Ethereum on a high after European Investment Bank’s $121M digital bond news
Ethereum prices skyrocketed to a new all-time high on Wednesday on the back of positive news from the European Investment Bank.
Ethereum has climbed to $2,709 during early Asian trading on Wednesday, April 28, marking a new peak price for the asset according to Coingecko.
The crypto metrics provider reports a gain of 7% over the past 24 hours, and 15.7% over the past seven days for the world’s second-largest digital asset by market capitalization. The move has pushed the ETH market cap to a record $312 billion.
While there are a range of factors propelling the Ether price, Reuters today attributed it to the news the European Investment Bank is launching a “digital bond” sale using the Ethereum network.

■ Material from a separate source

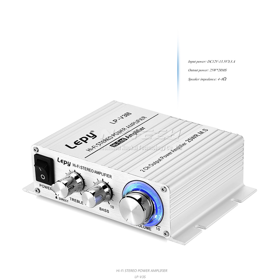 Цифровой плеер LP-V3S Lepy, автомобильный мощный Hi-Fi стереоусилитель, динамик 3,5 мм, аудиовход, MP3, для мотоцикла, Усилитель 2x25 Вт RMS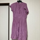 パープルのシャツワンピース、半袖デザインでカジュアルな着こなしに最適です。

The EIB is issuing a two-year 100 million Euro ($US120.8 million) digital bond, with the sale to be led by Goldman Sachs, Banco Santander, and Societe Generale, according to analysts at Bloomberg.

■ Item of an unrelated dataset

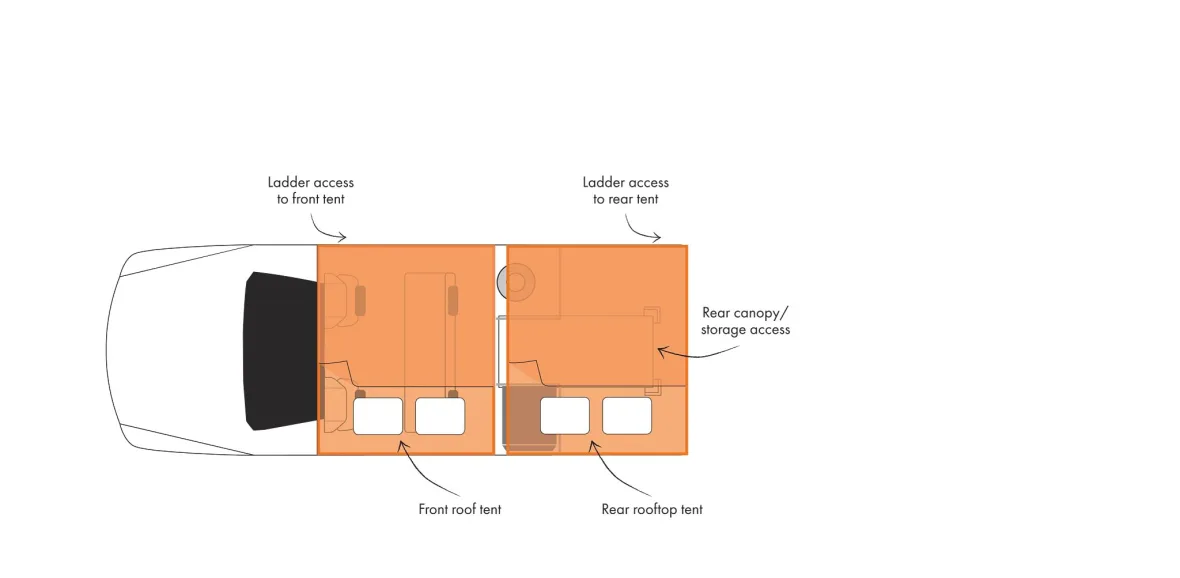Dual Tents, Double the Fun: The Warrior has two tents that sleep up to 4 adults. There’s a rooftop tent, and the rear fold-out tent provides a comfy second bed.

On April 23, Societe Generale announced that its subsidiary Societe Generale SFH had issued a 100 million Euro bond as a security token on the public Ethereum blockchain. It was awarded the top triple-A rating by Moody’s and Fitch.
Head of revenue at crypto broker SFOX, Danny Kim, told Reuters that the news has demonstrated a bullish institutional use case for Ethereum, adding that exchange balances are also decreasing adding to the bull case:
“The amount of Ethereum sitting on exchanges continues to drop lower and has been the lowest in the past year. With less supply on exchange available, there’s less likely a chance of a major sell-off.”
As reported by Cointelegraph, a revival in DeFi related protocols and tokens, coupled with a fall in gas prices could also be driving momentum. At the time of writing the average transaction price on the network had fallen to $10.73 according to Bitinfocharts.
Popular crypto analyst ‘Altcoin Sherpa’, meanwhile, predicted that ETH would continue to outperform BTC in the coming weeks, targeting a price of $3,000.